Ukraine denies minister’s claims of hijacked Afghanistan evacuation flight

Ukraine denies minister’s claims of hijacked Afghanistan evacuation flight

A Ukrainian minister has claimed a passenger jet meant to evacuate people fleeing  to Ukraine was hijacked at gunpoint and flown instead to Iran, in an unconfirmed incident that was later denied by his own government.

Ukraine’s deputy minister for foreign affairs, Yevhen Yenin, said armed hijackers seized the plane at Kabul’s Hamid Karzai international airport, where a multinational evacuation is under way before a 31 August deadline for foreign militaries to go away the country set by the Taliban.

“Our plane was hijacked last Sunday by [unknown] people,” Yenin told Ukrainian public radio. “They were armed, including with firearms. On Tuesday, our plane was effectively stolen – it flew to Iran with an unknown group of passengers onboard rather than completing the Ukrainians.”

It was not immediately clear whether Yenin meant the incident occurred on 15 August, because the Taliban entered Kabul, or on 22 August, and why there was a two-day gap between the hijacking and flight.

A Ukrainian foreign ministry spokesperson , telling the local internet TV station , Hromadske, that Yenin was trying to explain the difficulties faced by Ukrainian pilots during the evacuation of Kabul.
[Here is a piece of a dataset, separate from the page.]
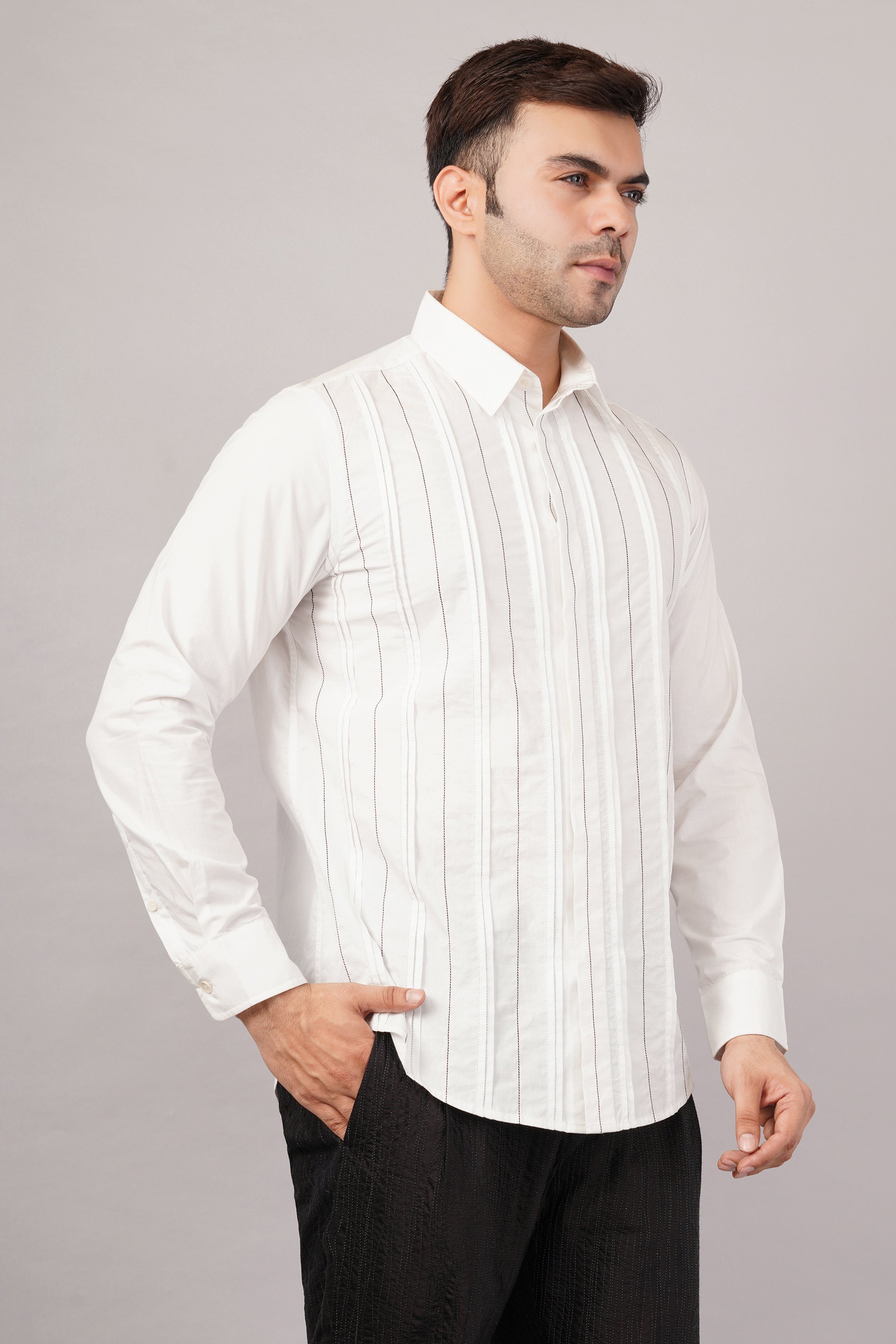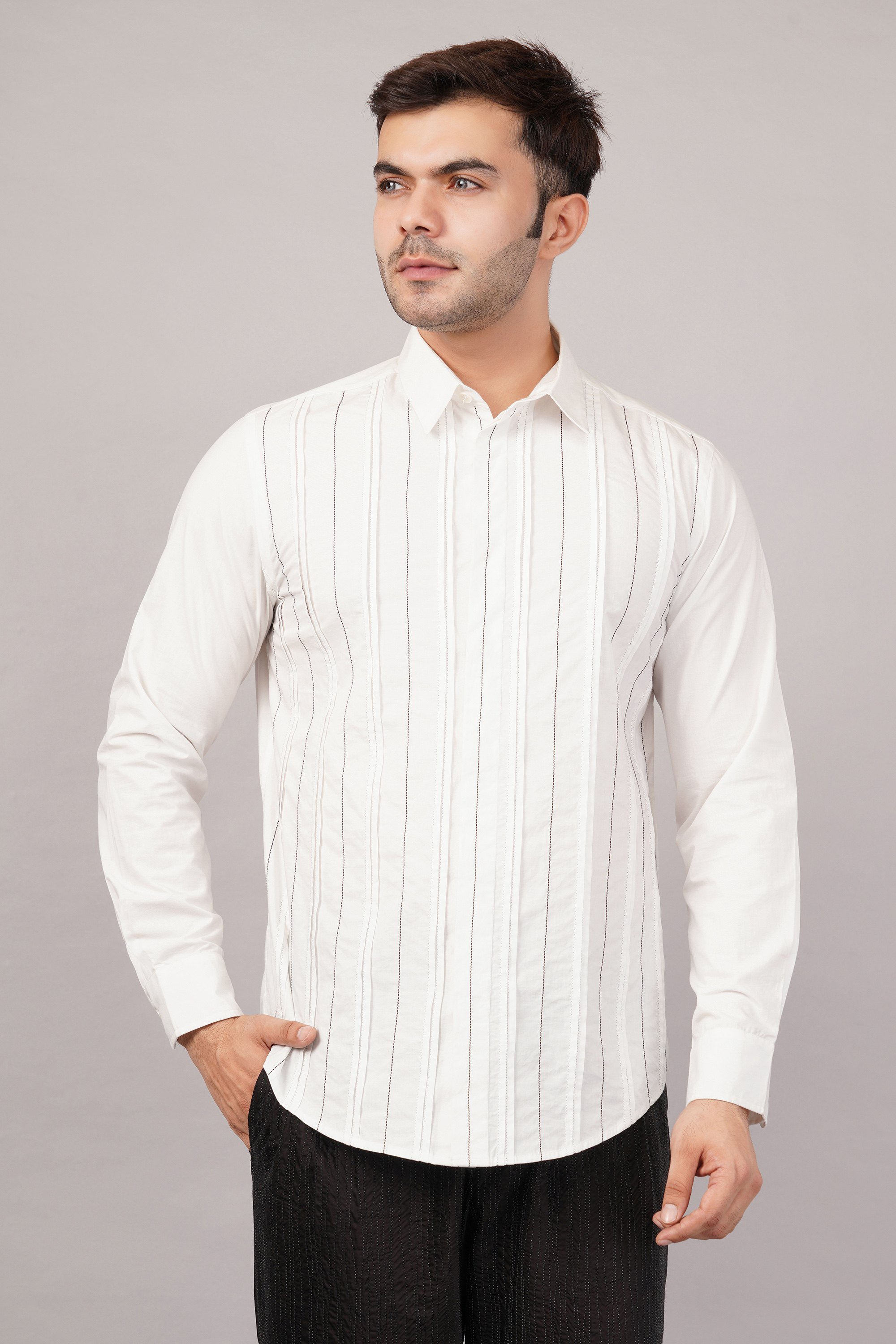 Pleated Stripes Shirt

Ukraine has evacuated 256 citizens on three flights, the spokesperson said, adding that each one aircraft getting used to evacuate Ukrainian citizens from Afghanistan were currently in Ukraine.

An Iranian official also denied the hijacking claims, saying that the plane had landed in Mashhad, a city within the country’s north-east, for refuelling before continuing on to Kyiv.

FlightRadar data shows that a Ukrainian plane previously leased to the private Afghan airline Kam Air flew from Kabul to Mashhad on Monday, not Tuesday as Yenin said. afterward Monday, the plane flew from Mashhad to Kyiv, Flightradar data showed.